While disparities in Internet use persist among racial and ethnic groups, smartphones appear to be helping to bridge the digital divide, according to a report issued by the U.S. Census Bureau.
The findings are part of the latest Census Bureau report, Computer and Internet Use in the United States: 2011, which provides analysis of computer and Internet use for households and individuals. The information comes from data collected as part of the Current Population Survey’s 2011 Computer and Internet Use Supplement, which was sponsored and funded by the National Telecommunications and Information Administration (NTIA).
The report also features a table that places users along a “connectivity continuum” and shows that a sizeable percentage of Internet users now make their online connections both inside and outside the home and from multiple devices.
“Going online is no longer a simple yes or no proposition,” said Thom File, the report’s author and a sociologist with the Census Bureau. “Different groups of people are accessing the Internet in very different ways, and these statistics give us a better understanding of how and where those connections are taking place.”
According to the report, a gap of 27.1 percentage points exists between groups with the highest and lowest reported rates of home Internet use. Asians reported the highest use at 78.3 percent and Hispanics the lowest at 51.2 percent. However, the gap narrows to 17.5 percentage points when smartphone use is factored into overall rates of Internet use. With smartphones factored in, 83.0 percent of Asians and 65.5 percent of Hispanics reported going online.
In terms of smartphone usage on its own, 51.6 percent of Asian respondents reported using a smartphone. About 48.0 percent of both white non-Hispanics and blacks reported smartphone use, and 45.4 percent of Hispanics said they used smartphones. The reported usage rates for blacks and Hispanics were not statistically different from each other. Overall, 48.2 percent of individuals 15 and older reported using a smartphone.
Household and Individual Internet Usage
Although disparities in Internet use for households persisted across race and Hispanic origin groups in 2011, they appear to be shrinking. In 2000, white non-Hispanic households were about twice as likely as black households to report Internet access (46.1 percent vs. 23.6 percent). By 2011, white non-Hispanic households were only about 1.3 times as likely as black households to report the same (76.2 percent vs. 56.9 percent).
Divides also existed for individual Internet use. About 75.0 percent of both non-Hispanic whites and Asians reported accessing the Internet from some location, compared with 60.3 percent of blacks and 54.4 percent of Hispanics. The estimates for non-Hispanic whites and Asians accessing the Internet are not significantly different.
In 2011, 71.7 percent of all households used the Internet, including 82.7 percent of Asian households, 76.2 percent of white non-Hispanic households, 58.3 percent of Hispanic households and 56.9 percent of black households.
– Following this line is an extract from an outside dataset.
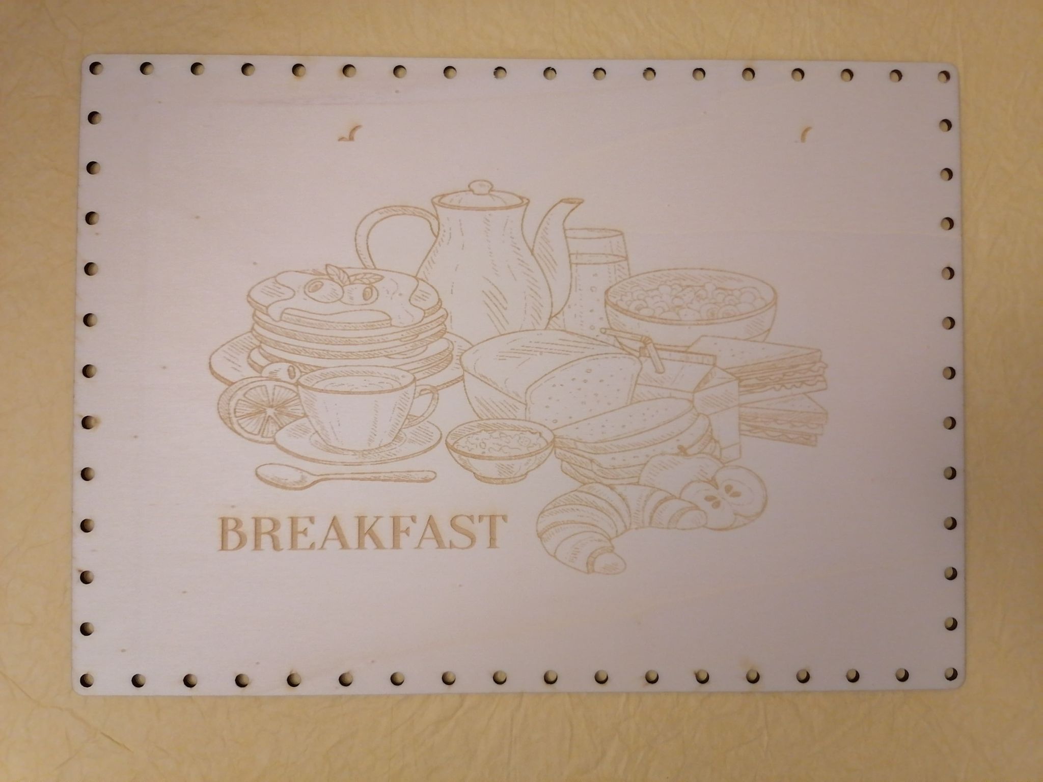 - Preglejkové dno na opletanie gravírované obdĺžnik 3mm - 35x25cm Raňajky

As technology has changed and evolved over the years, people have seen an increase in the variety and number of ways they use computers and access the Internet. To explore this phenomenon further, the Census Bureau designed a scale to place individuals along a “connectivity continuum.”
The connectivity continuum shows variations in adoption of these technologies, ranging from people with no Internet connection or computer, to those connecting from multiple locations and devices.
In 2011, 27.0 percent of Americans connected to the Internet from multiple locations and multiple devices. These individuals were considered “high connectivity” users. On the other end of the connectivity continuum, individuals with no computer or Internet (15.9 percent) made up the second largest group. The remaining 57.1 percent of Americans were located somewhere between these two extremes.
Current Population Survey
The information was collected as part of a July 2011 supplement to the Current Population Survey, which asked a sample of approximately 54,000 households various questions about computer ownership, Internet use and mobile device usage.